Re: [Rd] [r-devel] integrate over an infinite region produces wrong results depending on scaling

2019-06-04 Thread Rui Barradas

Hello,

A solution is to use package cubature, both unscaled and scaled versions 
return the correct result, 3.575294.
But the performance penalty is BIG. This is because the number of 
evaluations is much bigger.


library(cubature)

cubintegrate(f, -Inf, 0, method = "hcubature")
#$integral
#[1] 3.575294
#
#$error
#[1] 1.494242e-07
#
#$neval
#[1] 375
#
#$returnCode
#[1] 0

cubintegrate(f, -Inf, 0, method = "hcubature", numstab = sc)
#$integral
#[1] 3.575294
#
#$error
#[1] 1.064195e-05
#
#$neval
#[1] 255
#
#$returnCode
#[1] 0



library(microbenchmark)

microbenchmark(
 base1 = integrate(f, -Inf, 0),
 base2 = integrate(f, -Inf, 0, numstab = sc),
 cuba1 = cubintegrate(f, -Inf, 0, method = "hcubature"),
 cuba2 = cubintegrate(f, -Inf, 0, method = "hcubature", numstab = sc)
)


Hope this helps,

Rui Barradas


Às 15:52 de 12/04/19, Andreï V. Kostyrka escreveu:

Dear all,

This is the first time I am posting to the r-devel list. On 
StackOverflow, they suggested that the strange behaviour of integrate() 
was more bug-like. I am providing a short version of the question (full 
one with plots: https://stackoverflow.com/q/55639401).


Suppose one wants integrate a function that is just a product of two 
density functions (like gamma). The support of the random variable is 
(-Inf, 0]. The scale parameter of the distribution is quite small 
(around 0.01), so often, the standard integration routine would fail to 
integrate a function that is non-zero on a very small section of the 
negative line (like [-0.02, -0.01], where it takes huge values, and 
almost 0 everywhere else). R’s integrate would often return the machine 
epsilon as a result. So I stretch the function around the zero by an 
inverse of the scale parameter, compute the integral, and then divide it 
by the scale. Sometimes, this re-scaling also failed, so I did both if 
the first result was very small.


Today when integration of the rescaled function suddenly yielded a value 
of 1.5 instead of 3.5 (not even zero). The MWE is below.


cons <- -0.020374721416129591
sc <- 0.00271245601724757383
sh <- 5.704
f <- function(x, numstab = 1) dgamma(cons - x * numstab, shape = sh, 
scale = sc) * dgamma(-x * numstab, shape = sh, scale = sc) * numstab


curve(f, -0.06, 0, n = 501, main = "Unscaled f", bty = "n")
curve(f(x, sc), -0.06 / sc, 0, n = 501, main = "Scaled f", bty = "n")

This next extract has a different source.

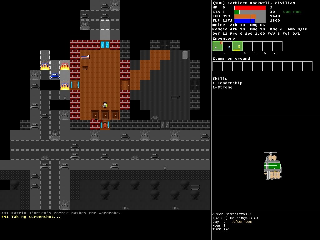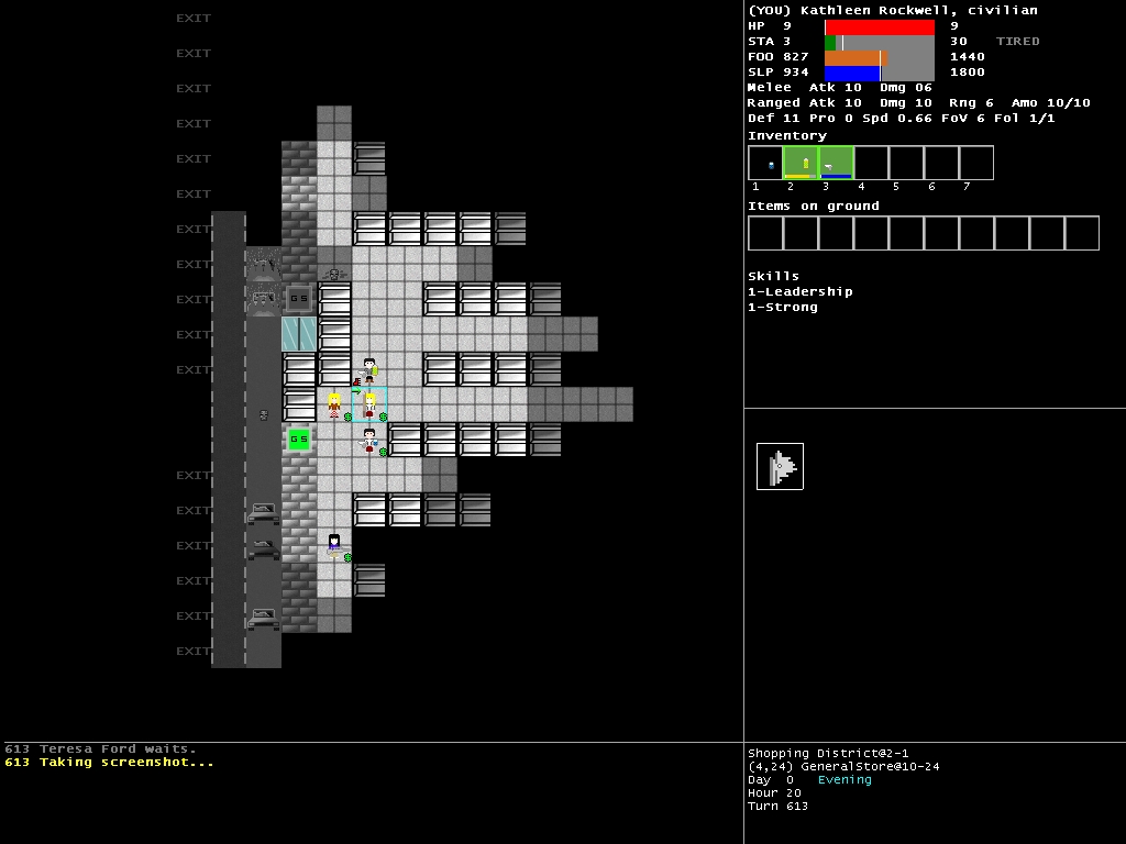 Teresa Ford is eager to tag along and together we flee my district to the east. Lots of shops there. We get into one and I decide to push shelves around to barricade the place. Night has fallen, we'll get some rest here. Other people had the same idea apparently.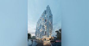 Но теперь на пересечении с Расторгуевским переулком, прямо рядом с усадьбой Щукина, в которой расположен Биологический музей им. Тимирязева, появится совсем уж необычное здание. Государственная историко-культурная экспертиза разрешила строительство 15-этажного жилого дома с очень запоминающейся архитектурой — мало того, что от узкого основания оно постепенно асимметрично расширяется, так еще и рельефный фасад с множеством вырезов создает легкое ощущение беспорядочности. Все эти архитектурные решения придают дому сходство с окаменевшим кораллом.

sum(f(seq(-0.08, 0, 1e-6))) * 1e-6 #  Checking by summation: 3.575294
sum(f(seq(-30, 0, 1e-4), numstab = sc)) * 1e-4 # True value, 3.575294
str(integrate(f, -Inf, 0)) # Gives 3.575294
# $ value   : num 3.58
# $ abs.error   : num 1.71e-06
# $ subdivisions: int 10
str(integrate(f, -Inf, 0, numstab = sc))
# $ value   : num 1.5 # What?!
# $ abs.error   : num 0.000145 # What?!
# $ subdivisions: int 2

It stop at just two subdivisions! The problem is, I cannot try various 
stabilising multipliers for the function because I have to compute this 
integral thousands of times for thousands of parameter values on 
thousands of sample windows for hundreds on models, so even in the 
super-computer cluster, this takes weeks. Besides that, reducing the 
rel.tol just to 1e-5 or 1e-6, helped a bit, but I am not sure whether 
this guarantees success (and reducing it to 1e-7 slowed down the 
computations in some cases). And I have looked at the Fortran code of 
the quadrature just to see the integration rule, and was wondering.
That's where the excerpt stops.